Seventh-Day Adventism

Heterodox Christian cult stemming from the teachings of William Miller (1782-1849), formerly a Baptist convert, whose simplistic interpretation of scripture led him to asssert that Christ would return to earth March 21, 1843. He built up a considerable following, but lost support when the return did not take place, even for a revised calculation of October 22, 1844.

His teachings were later modified by the Millerite Hiram Edson in New York State, who claimed that he had a vision which confirmed that Miller was right about the time of redemption but wrong about the place, which should have been the "heavenly sanctuary" and not the earth. Edson's doctrine was further developed by "Father Bates" (former sea captain), Elder James White of the S.D.A. church which had been organized in 1860 and his wife Ellen G. White.

Since then, S.D.A. has built up a membership claimed at over two million in the United States and abroad.
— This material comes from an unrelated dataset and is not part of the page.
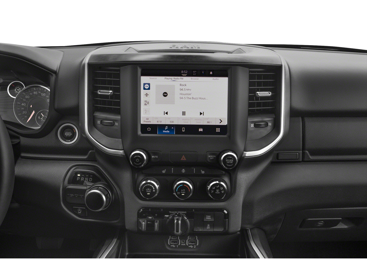 This model has a clean CARFAX vehicle history report. Apple CarPlay: Seamless smartphone integration for it - stay connected and entertained on the go! The installed navigation system will keep you on the right path. This Ram 1500 comes equipped with Android Auto for seamless smartphone integration on the road. The vehicle features a hands-free Bluetooth® phone system. Keep your hands warm all winter with a heated steering wheel in the vehicle . The Ram 1500 keeps you comfortable with Auto Climate. The leather seats in this model are a must for buyers looking for comfort, durability, and style. Protect this Ram 1500 from unwanted accidents with a cutting edge backup camera system. The vehicle's Forward Collision Warning feature alerts drivers to potential front-end collisions. The Ram 1500 has a V8, 5.7L high output engine. When you encounter slick or muddy roads, you can engage the four wheel drive on the Ram 1500 and drive with confidence.

Two of its doctrinal points influenced Charles Taze Russell (1870-1916) in the formation of his evangelical cult of 'Russellites' which became known as Jehovah's Witnesses under Joseph Rutherford (1916-1942). These doctrines were those of a "soul-sleep" after death, and of annihilation of the wicked. Other specifically S.D.A. doctrines include the concept of a completion of Christ's atonement which had remained unfinished and the need to observe the Sabbath on Saturday.

Sources:

Land, Gary, ed. Adventism in America. Grand Rapids, Mich.: William B. Eerdmans Publishing Co., 1986.

Nichol, Francis D. The Midnight Cry. Tacoma Park, Md.: Review and Herald Publishing Association, 1944.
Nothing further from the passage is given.